The difference in the characteristics of the predominant wrapper fiber forming fiber and the characteristics of the predominant main strand forming fibers includes differences in fiber length or fiber diameter or both, with the predominant wrapper fiber forming fiber being greater in length or diameter or both than the characteristics of the predominant main strand forming fibers. In the preferred embodiment the predominant wrapper fibers are at least approximately one and one-half greater than the predominant main strand fibers in one or the other or both length and diameter characteristics. For this purpose, the predominant wrapper fibers may be at least approximately one and one-half inches in length and of a size at least approximately equivalent to one and one-half denier.
In an example of the preferred embodiment of the yarn 10 of the present invention, the predominant main strand fibers are a combination of cotton and polyester fibers and the predominant wrapper fibers are colored fibers of acrylic or rayon. The cotton fibers are approximately one inch long and of a size approximately the equivalent of three to four micronaire, the polyester fibers are approximately one and one-quarter inches long and of a size approximately the equivalent of one denier, and the acrylic or rayon fibers are approximately one and one-half inches long and of a size the equivalent of one and one-half denier. The cotton fibers constitute approximately 42% of the fibers in the yarn, the polyester fibers constitute approximately 42% of the fibers in the yarn, and the acrylic or rayon fibers constitute approximately 16% of the fibers.
The contrasting color of the predominant wrapper fibers 12 against the background of the predominant fibers of the main strand 11 provide a pronounced and attractive mottled appearance, which, when the yearn 10 is formed into a fabric 13, such as illustrated in FIG. 2, provides a randomly specked or spotted mottled fabric appearance with the predominant wrapper fiber 12 being conspicuously distributed throughout the fabric 13 against the lighter background of the predominant fibers of the main strand 11.
According to the method of the preferred embodiment of the present invention the yarn 10 described above is produced using an open end rotor spinning machine having conventional components operating in generally conventional manner, but with a unique combination of relationships of the components and the characteristics of the fibers. The method is illustrated schematically in FIG. 3 in relation to an open end rotor spinning machine to which a sliver 14 is fed that contains a combination of fibers, including fibers best suited for forming the main strand 11 of the yarn and fibers best suited for forming wrapper fibers 12 in the yarn. The fibers for forming the main strand 11 predominate in the total composition of fibers over the wrapper forming fibers 12, which may be blended with the mains strand fibers in a single sliver or be an unblended strand within a combined sliver or may be a separate sliver fed simultaneously with a sliver of main strand forming fibers.
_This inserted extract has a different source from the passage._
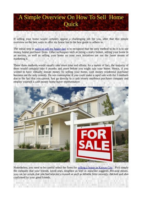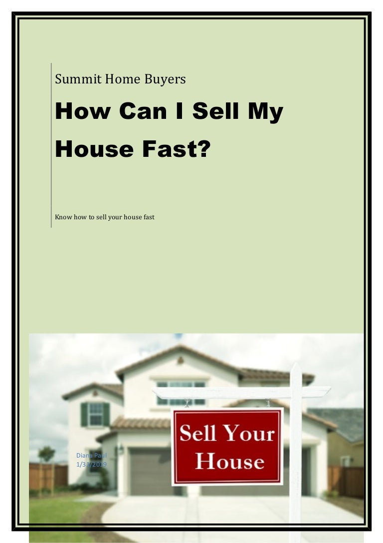 How to sell a house 1. This is the fastest way to turn your house into cash. When you need to sell a house fast listing it with a real estate agent just wont cut it.

The composition of fibers in whatever form is fed by a feed roll 15 to an opening roll 16 that separates the fibers individually from the sliver and directs them to a feed tube 17 that has an exit 18 adjacent the inner conical wall 19 of a rotor 20. the fibers are received on the conical wall 19 and slide along the wall into a groove 21 in which fibers are collected and then drawn off and twisted to form a strand 22 that passes through the opening 23 in a navel 24 and then through a draw-off tube 25 from which it exits as the aforementioned yarn 10.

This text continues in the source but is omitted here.